9. Review of the provider's undated Enhanced Barrier Precautions Policy and Procedure revealed:
*It is the policy of this facility to implement enhanced barrier precautions for the prevention of transmission of multidrug-resistant organisms (MDROs).
*Enhanced Barrier Precautions involve gown and glove use during high-contact resident care activities for residents known to be colonized or infected with MDRO as well as those at increased risk of MDRO acquisition (e.g., residents with wounds or indwelling medical devices).
*High-contact resident activities may include: Dressing, Bathing/showering, Transferring, Providing hygiene, Changing linens, Changing briefs or assisting with toileting, Device care or use: central line, urinary catheter, feeding tube, tracheostomy/ventilator, wound care: any opening requiring a dressing .
*Examples of MDROs Targeted by CDC include: Methicillin-resistant Staphylococcus aureus (MRSA), ESBL-producing Enterobacterales, Vancomycin-resistant Enterococci (VRE) .
*Contact precautions are recommended if the resident has acute diarrhea, draining wounds, or other sites of secretions that are unable to be covered or contained for a limited period of time during a suspected or confirmed MDRO outbreak investigation.
*2. Gowns and gloves will be available immediately near or outside of the resident's room. Face protection may also be needed if performing activity with risk of splash or spray (i.e., wound irrigation, tracheostomy care).
*8. Enhanced barrier precautions should be used for the duration of a resident's stay in the facility or until resolution of the wound or discontinuation of the indwelling device that placed them at a higher risk.
10. Review of the provider's revised 9/2021 Infection Prevention and Control Manual regarding Hand Hygiene policy revealed:
*Hand Hygiene includes hand washing with soap and water and hand hygiene with alcohol-based hand rub (ABHR.)
*Hand hygiene continues to be the primary means of preventing the transmission of infection.

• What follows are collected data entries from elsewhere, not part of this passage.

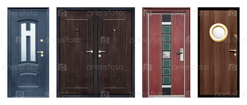 Набор моделей входных металлических дверей, изолированных на белом фоне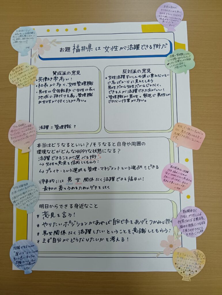 プログラムの締めくくりには、新たなお題をもとに、賛成・反対の意見を超えた「明日から実践できるアクション」を言語化しました。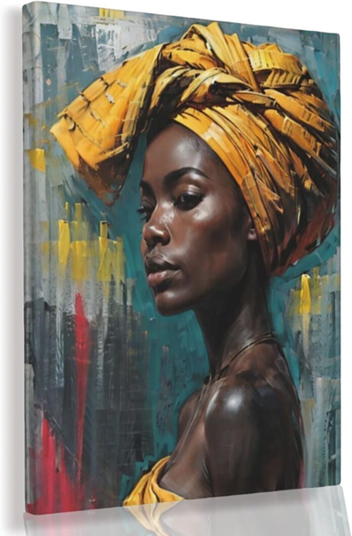 AFRICAN WALL DECOR QUALITY:Gold african woman wall art for bedroom with a quality canvas ensures longevity. Specialized inks allow for vibrant, colorfast prints.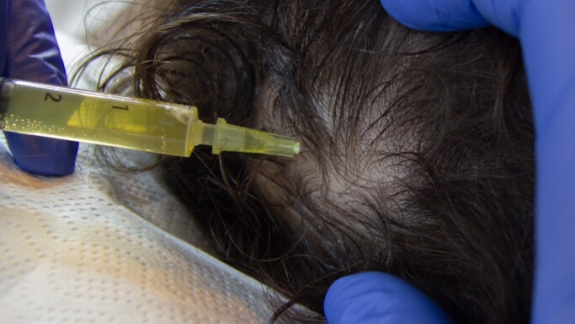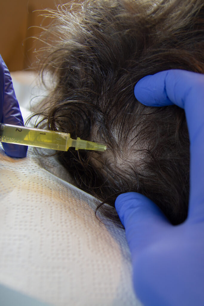 Resultatet efter tre behandlinger PRP mod uønsket hårtab. Der er desuden blevet foretaget microneedling med peptider som tillæg til behandlingen.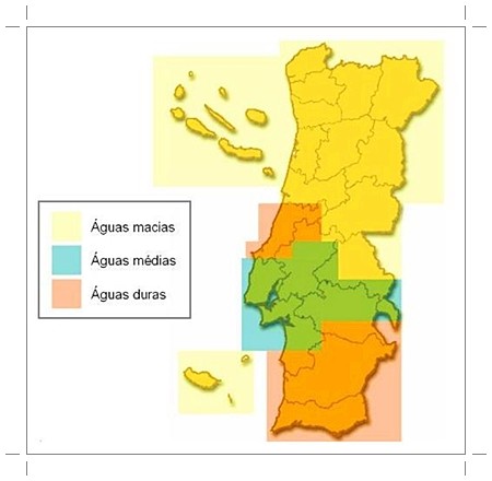 Tanto para ter uma ideia, eis o mapa da dureza da água em Portugal (não encontrei um mapa deste tipo para o Brasil):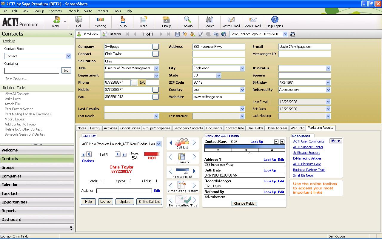 Swiftpage creates a ranked Call List of the most interested contacts based on your email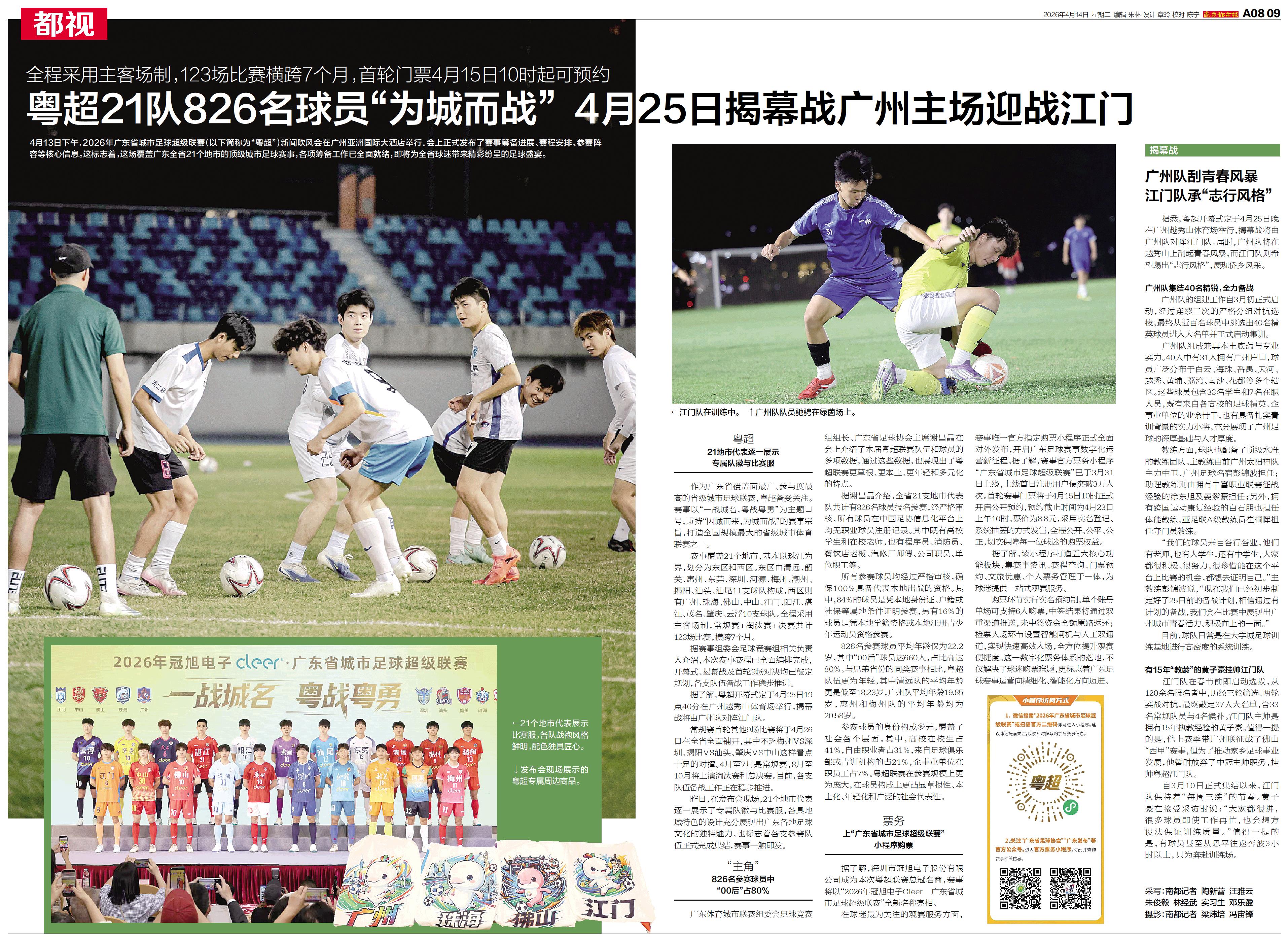 粤超21队826名球员“为城而战”4月25日揭幕战广州主场迎战江门

11. Review of the provider's reviewed 9/2022 Contact Precautions policy revealed:
*Contact Precautions will be used to prevent the healthcare acquired spread of organisms that can be transmitted by direct resident contact (hand or skin-to-skin contact that occurs when performing resident-care) or by indirect contact (touching) with environmental surfaces or contaminated resident care equipment.
*Healthcare personnel caring for residents on Contact Precautions should wear a gown and gloves for all interactions that may involve contact with the resident or potentially contaminated areas in the resident's environment.
12. Review of the provider's reviewed 6/2023 Guidance for Control of Extended-Spectrum Beta-Lactamase (ESBL) policy revealed:
*The purpose of this policy is to provide guidelines for prevention and control of ESBL.
*Prevention
-A. Appropriate resident placement
-B. Gloves for all activities in resident's room
-C. Gowns indicated for activities where skin or clothing will come in contact with the resident or their environment or when performing direct care
-D. Dedicated equipment or adequate cleaning and disinfection of shared equipment, with particular attention to management of urinary catheters and associated equipment
*Cohort symptomatic residents with ESBL in specific areas if possible.
*The environment of a resident with ESBL should be cleaned thoroughly at least daily, with special attention to those items likely to be contaminated.